═════ The data ═════
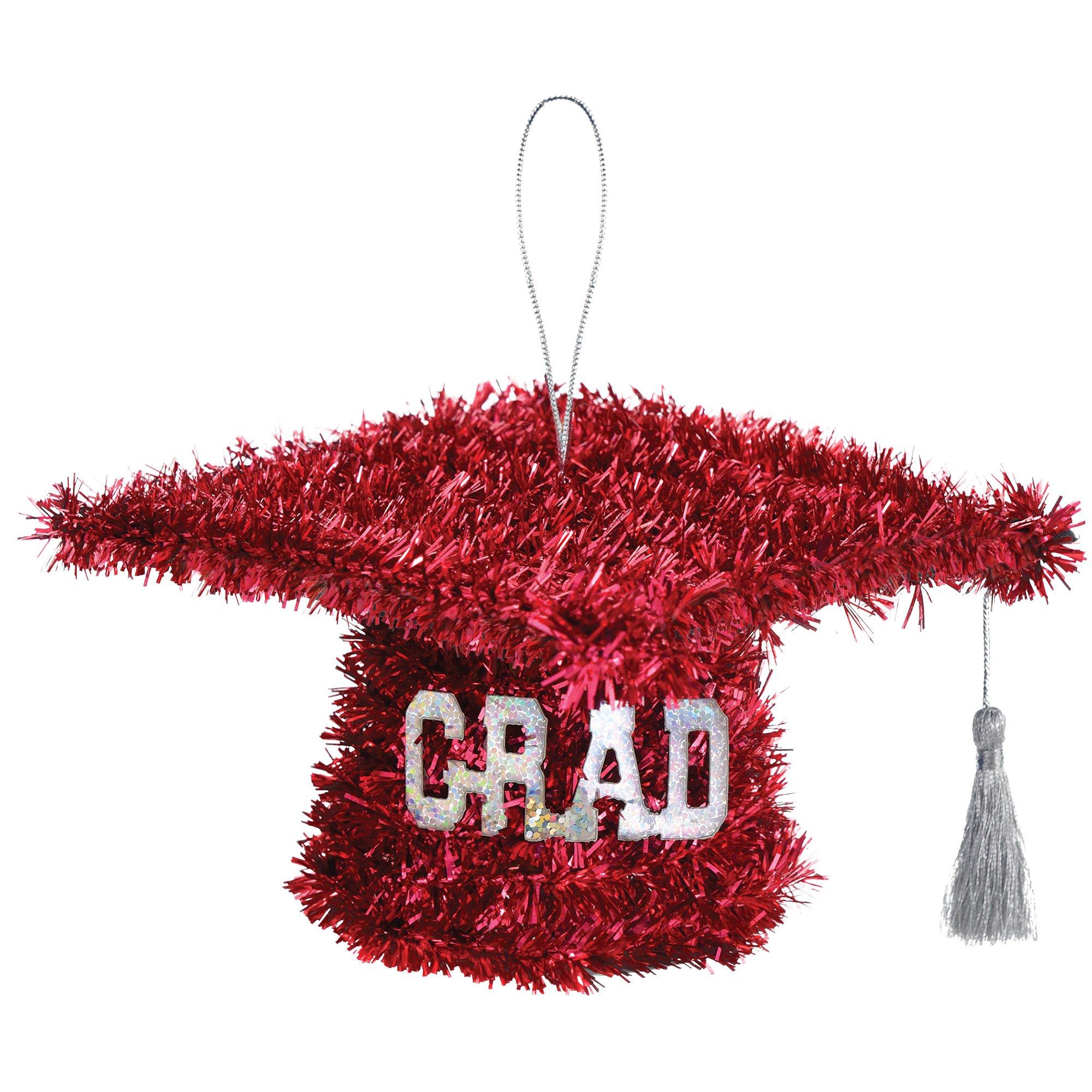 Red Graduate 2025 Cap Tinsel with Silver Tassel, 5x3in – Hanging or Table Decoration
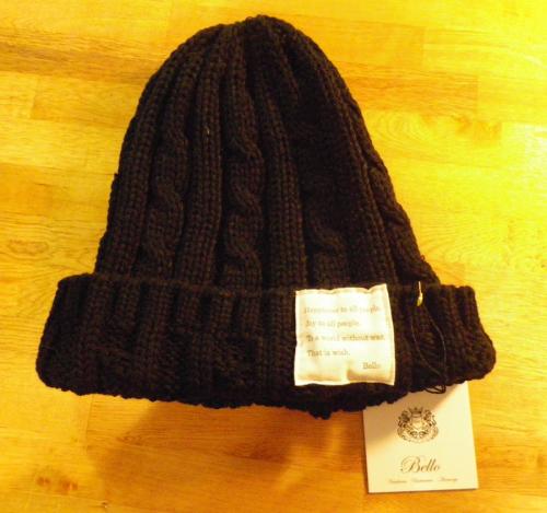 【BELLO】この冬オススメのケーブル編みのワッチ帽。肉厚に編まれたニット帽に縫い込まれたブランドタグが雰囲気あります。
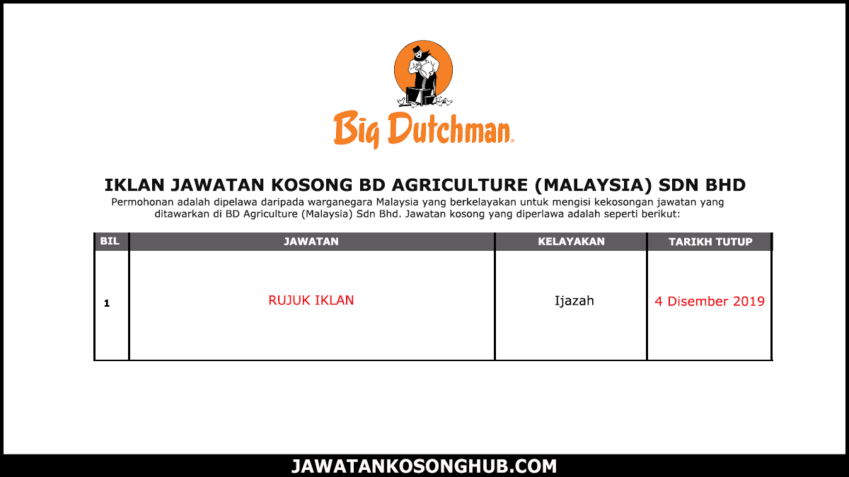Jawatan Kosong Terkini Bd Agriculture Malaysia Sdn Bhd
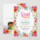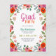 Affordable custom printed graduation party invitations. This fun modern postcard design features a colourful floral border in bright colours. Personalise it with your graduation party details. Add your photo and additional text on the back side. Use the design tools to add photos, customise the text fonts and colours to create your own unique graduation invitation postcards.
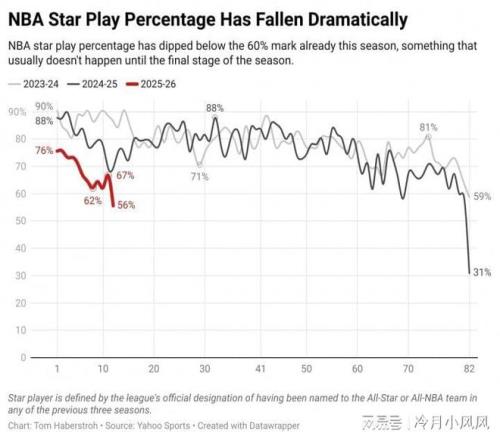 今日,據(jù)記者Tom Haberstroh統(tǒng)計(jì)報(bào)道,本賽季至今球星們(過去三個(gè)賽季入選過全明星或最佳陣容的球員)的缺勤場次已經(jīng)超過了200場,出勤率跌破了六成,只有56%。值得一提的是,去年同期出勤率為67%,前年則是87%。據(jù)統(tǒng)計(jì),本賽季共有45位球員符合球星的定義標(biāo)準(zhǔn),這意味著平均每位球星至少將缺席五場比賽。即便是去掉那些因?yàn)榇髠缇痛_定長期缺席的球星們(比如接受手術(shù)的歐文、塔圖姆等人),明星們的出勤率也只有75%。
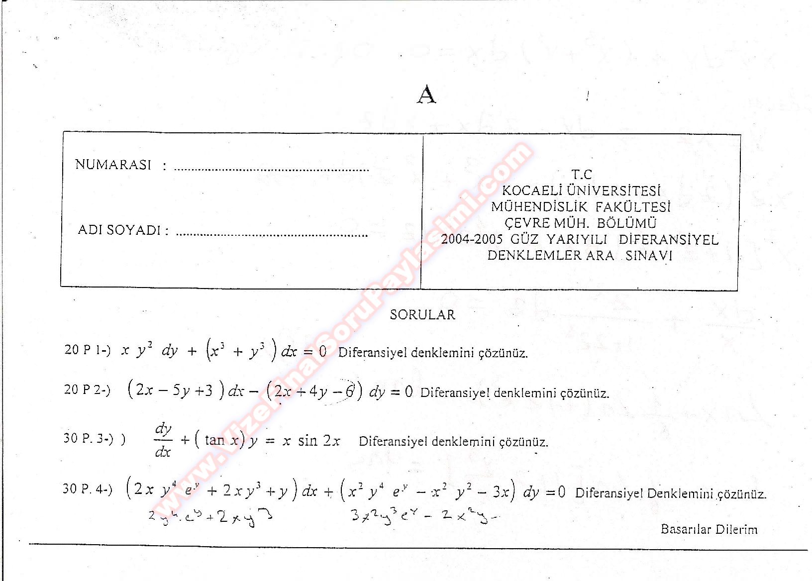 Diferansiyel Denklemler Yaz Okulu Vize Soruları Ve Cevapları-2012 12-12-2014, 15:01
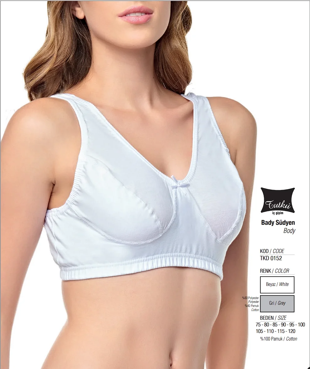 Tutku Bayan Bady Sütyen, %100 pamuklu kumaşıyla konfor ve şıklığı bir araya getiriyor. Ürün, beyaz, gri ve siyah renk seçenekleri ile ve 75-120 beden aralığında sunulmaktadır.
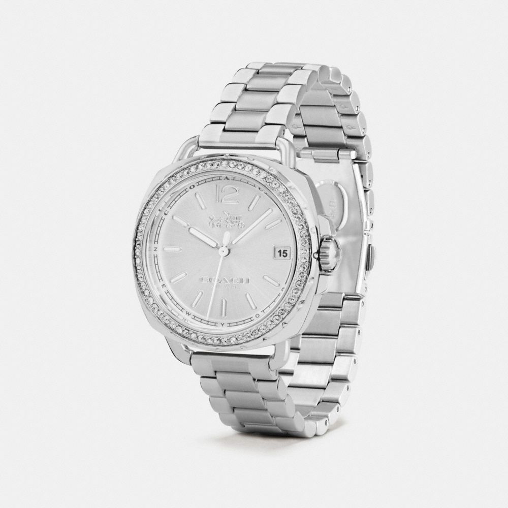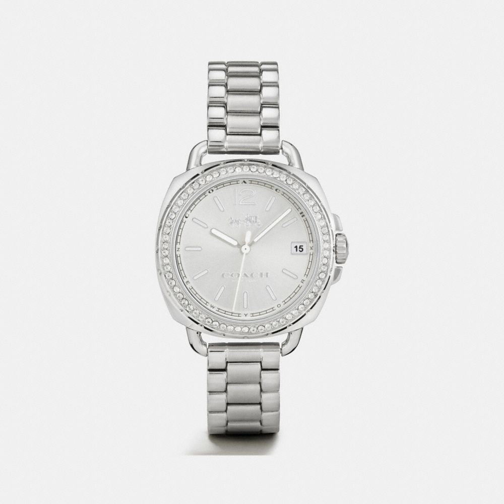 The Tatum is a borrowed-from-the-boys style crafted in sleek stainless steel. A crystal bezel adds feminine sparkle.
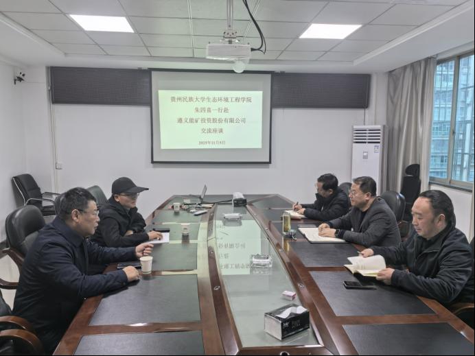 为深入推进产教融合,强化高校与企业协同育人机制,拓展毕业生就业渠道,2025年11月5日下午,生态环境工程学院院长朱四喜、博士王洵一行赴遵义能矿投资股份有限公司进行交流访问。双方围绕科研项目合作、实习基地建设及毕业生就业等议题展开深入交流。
═════
═════ The data ═════
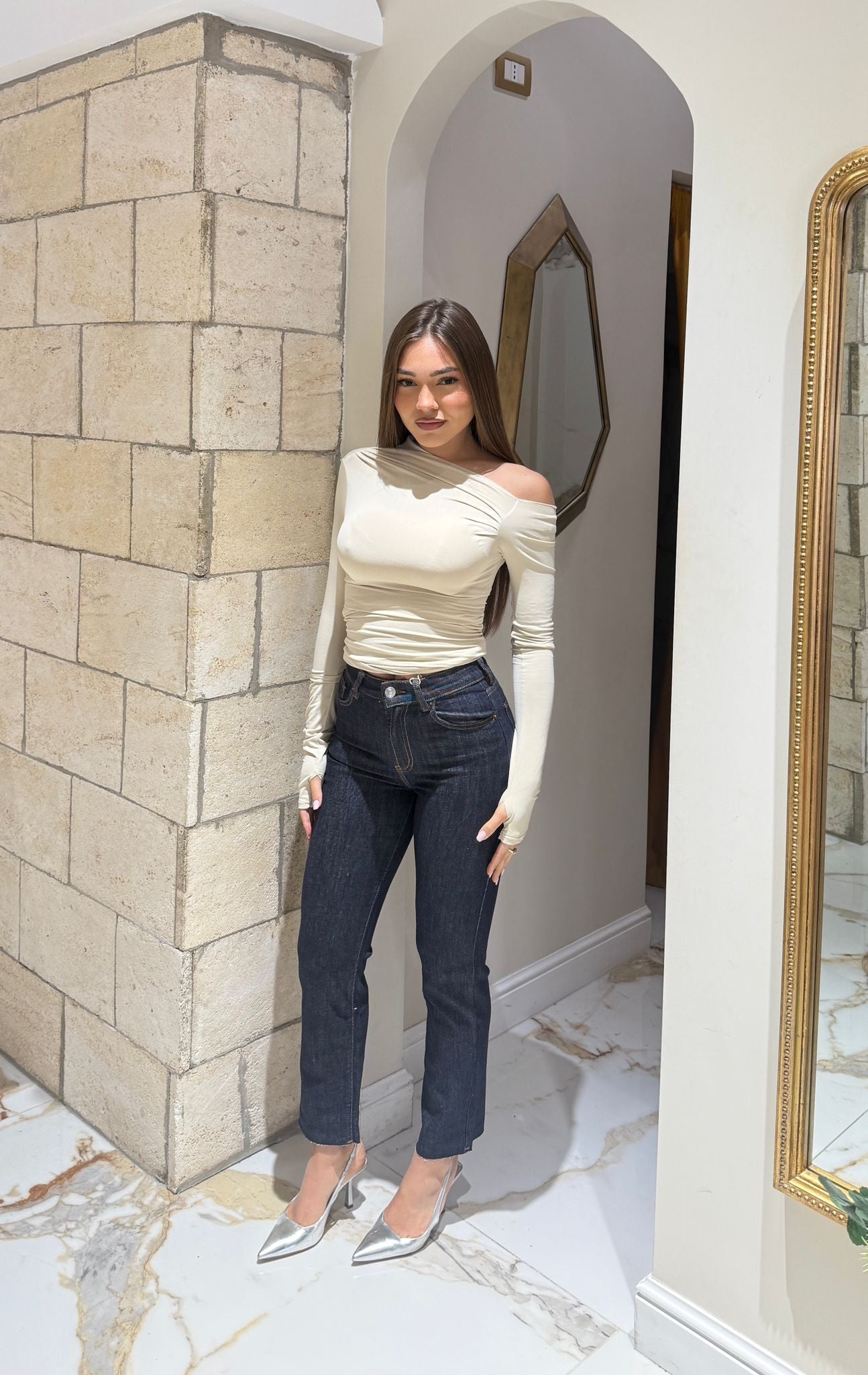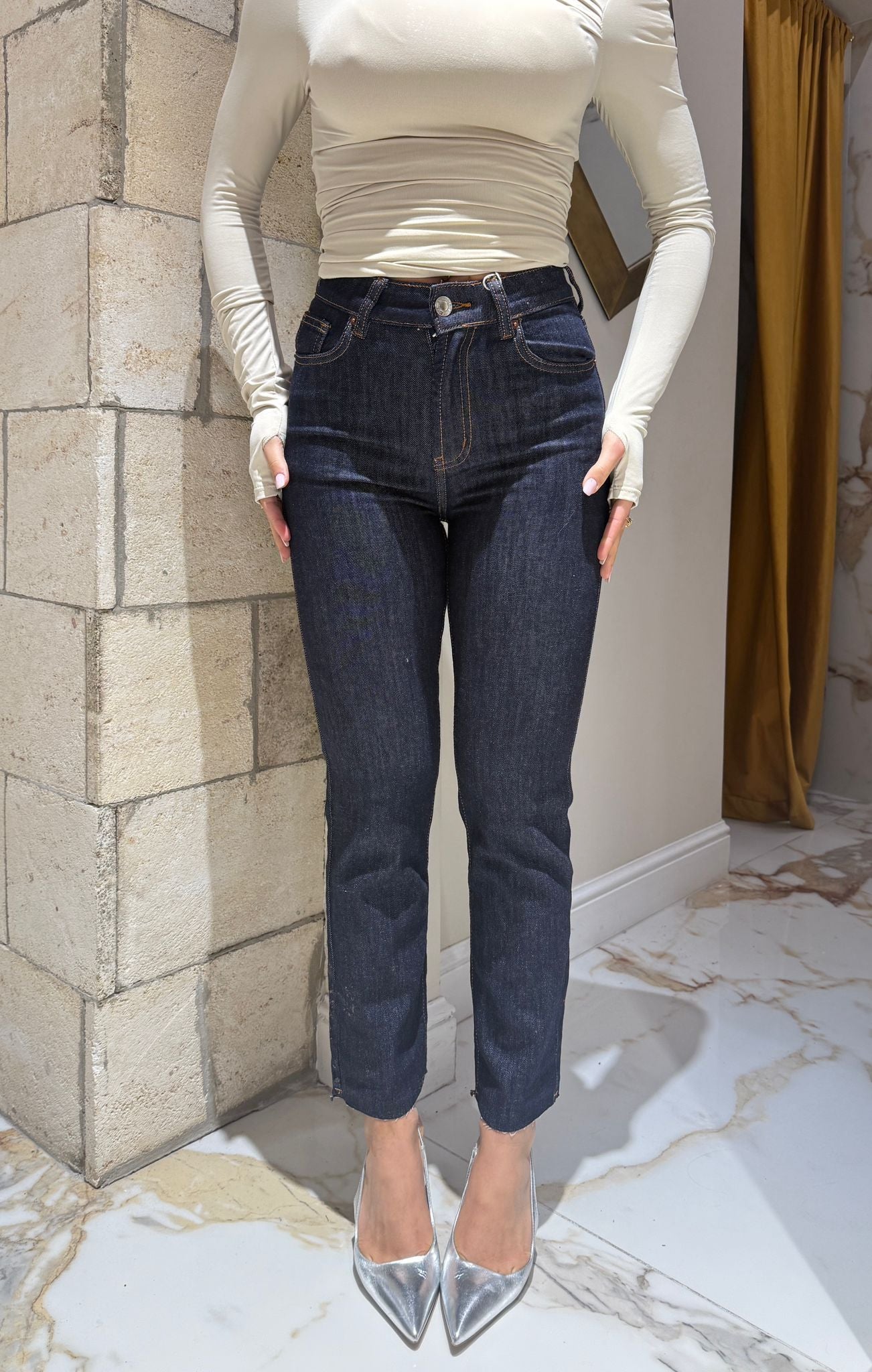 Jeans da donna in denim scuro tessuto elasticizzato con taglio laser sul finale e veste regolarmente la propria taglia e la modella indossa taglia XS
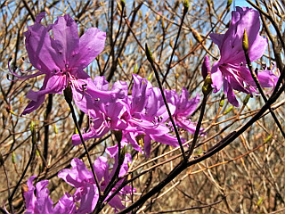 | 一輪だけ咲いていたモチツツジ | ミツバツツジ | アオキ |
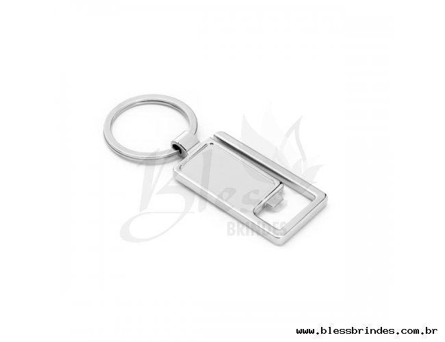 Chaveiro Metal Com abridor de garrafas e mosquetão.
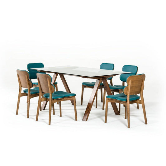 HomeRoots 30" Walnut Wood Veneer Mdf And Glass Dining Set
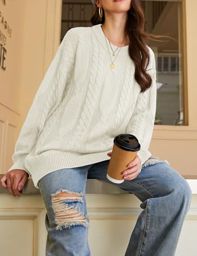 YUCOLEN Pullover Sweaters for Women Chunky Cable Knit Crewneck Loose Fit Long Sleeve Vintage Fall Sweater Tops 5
═════
Problem requirements:
Please copy out from the data above, without any picture, exactly the lines running from the one that holds "Tutku Bayan Bady" through the one that holds "The Tatum is", and nothing beyond them.

Expected answer:
 Tutku Bayan Bady Sütyen, %100 pamuklu kumaşıyla konfor ve şıklığı bir araya getiriyor. Ürün, beyaz, gri ve siyah renk seçenekleri ile ve 75-120 beden aralığında sunulmaktadır.
 The Tatum is a borrowed-from-the-boys style crafted in sleek stainless steel. A crystal bezel adds feminine sparkle.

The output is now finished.